Equipercentile linking results between the CGI‐S scale and the MADRS, SDS, and PHQ‐9 total scores at each time point and for the combined data set are shown in Figure 1. The relationship between the CGI‐S score and the MADRS, SDS, and PHQ‐9 total scores seemed to follow a non‐linear trend. Results suggest that being “mildly ill” and “moderately ill” (CGI‐S = 3 and 4, respectively) corresponded to a MADRS total score of approximately 13.4 (95% CI: 12.1–14.7) and 26.7 (95% CI: 25.7–28.3), respectively, at day 28. Similarly, being considered “markedly ill” (CGI‐S = 5) corresponded to a MADRS total score of approximately 33.7 (95% CI: 32.5–35.0) at day 28. The relationship between the 2 variables at each visit showed consistency with increasing correlation coefficients over time.

Figure 1.

Figure 1

Relationship between CGI‐S and (A) MADRS total scores, (B) SDS total scores, and (C) PHQ‐9 total scores by visit using local equipercentile method. PHQ‐9 scale maximum score is 27. CGI‐S, Clinical Global Impression‐Severity; MADRS, Montgomery‐Åsberg Depression Rating Scale; PHQ‐9, 9‐item Patient Health Questionnaire; SDS, Sheehan Disability Scale.

4. DISCUSSION

In adults with TRD, a clinically meaningful improvement in depressive symptoms and functioning, as assessed by a change of 1 point on the CGI‐S scale, corresponded to approximately 6‐, 4‐, and 3‐point reductions in total scores from baseline on the MADRS, SDS, and PHQ‐9, respectively. Similarly, based on their relationships to the CGI‐S scale at day 28, indicators for clinically substantial improvement (a 2‐point change in the CGI‐S scale) were a 12‐point reduction in MADRS score, an 8‐point reduction in SDS score, and a 6‐point reduction in PHQ‐9 score.
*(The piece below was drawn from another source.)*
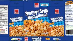 The company is recalling 2-pound bags of Harris Teeter Brand Frozen Southern Style Hash Browns in Virginia, Maryland, District of Columbia, Delaware, North Carolina, South Carolina, Florida and Georgia.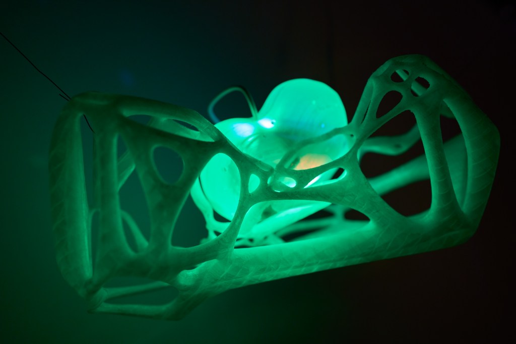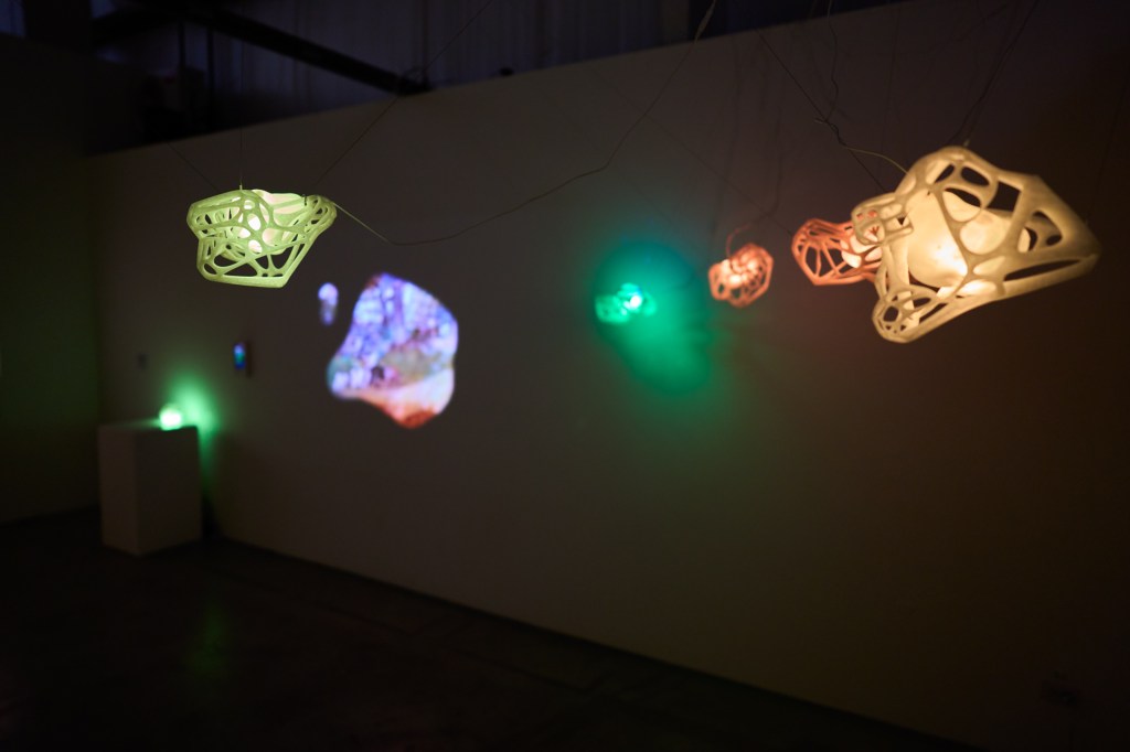 Respiro Namiki is an aesthetic, bioactivist, and sensory experience of everyday life. Its system is comprised by models generated from biodata and collaborative virtual atmosphere nested on the web. The shapes of the models, as well as the projected lights, emerge from the sensing of vital events. The embedded device in them monitors the concentration of carbon dioxide (CO2) in the air, this chemical compound being one of the main indicators of pollution and long-term impact.

The CGI‐S scale is widely used to measure global clinical outcomes in symptom severity and treatment efficacy in patients with psychiatric disorders other than depression. 19 , 20 , 21 , 22 In this study, the CGI‐S scale was used as the reference measure against which MADRS, SDS, and PHQ‐9 were compared in the acute‐phase treatment of TRD. Change on CGI‐S scale has strong face validity, and the usefulness of this measurement approach is reflected in many disorder‐specific CGI scales being introduced into clinical trials and observational studies, among them the CGI for schizophrenia (CGI‐SCH), 20 for bipolar disorder (CGI‐BP), 21 , 23 and more recently, for schizoaffective disorder (CGI‐S‐SCA). 22

Although not yet widely used by clinicians, 24 the integration of measurement tools such as MADRS, SDS, and PHQ‐9 into routine psychiatric management may enhance the quality of care and improve clinical outcomes. 25 Clinician‐rated and/or patient‐rated scales can help characterize the trajectory of the disease course and the effects of treatment. The scales can also be useful in monitoring symptoms and personalizing treatment dosing and patient management, as illustrated by measurement‐based care. 26 , 27 Determining an optimal cutoff score and showing sensitivity to change are essential for clinical utility of measurement tools. The ability of a measure to detect meaningful change in depression is especially important because follow‐up visits for depression care are often brief and treatment adjustments are frequently necessary to optimize outcomes. 28

Limitations have been noted for each of these scales. Previous studies using the MADRS in MDD have been inconsistent with respect to the multidimensionality of this scale—up to 4 different factor structures have been suggested. 29 The SDS assesses functional impairment globally in three domains (work/school, social life/leisure activities, and family life/home responsibilities) 9 but does not identify the types of impairment. For current major depressive episode, some studies suggest that the specificity and predictive positive value of PHQ‐9 are low 30 and the PHQ‐9 substantially overestimates depression prevalence. 31 The CGI‐S scale also has some inherent limitations as it requires clinicians to make judgments based on a global approximation of illness severity, patients’ level of distress and other aspects of impairment, and the impact of the illness on functioning. Standardization of rating across clinical sites typically does not occur; thus, neither inter‐rater reliability nor a consensus regarding to what degree each rating relies on symptoms, daily function, or patient satisfaction has been standardized. Nevertheless, global CGI‐S ratings reflect the current assessment process in real‐world practice and allow for a clinically acceptable definition of meaningful and substantial change with real‐world applicability.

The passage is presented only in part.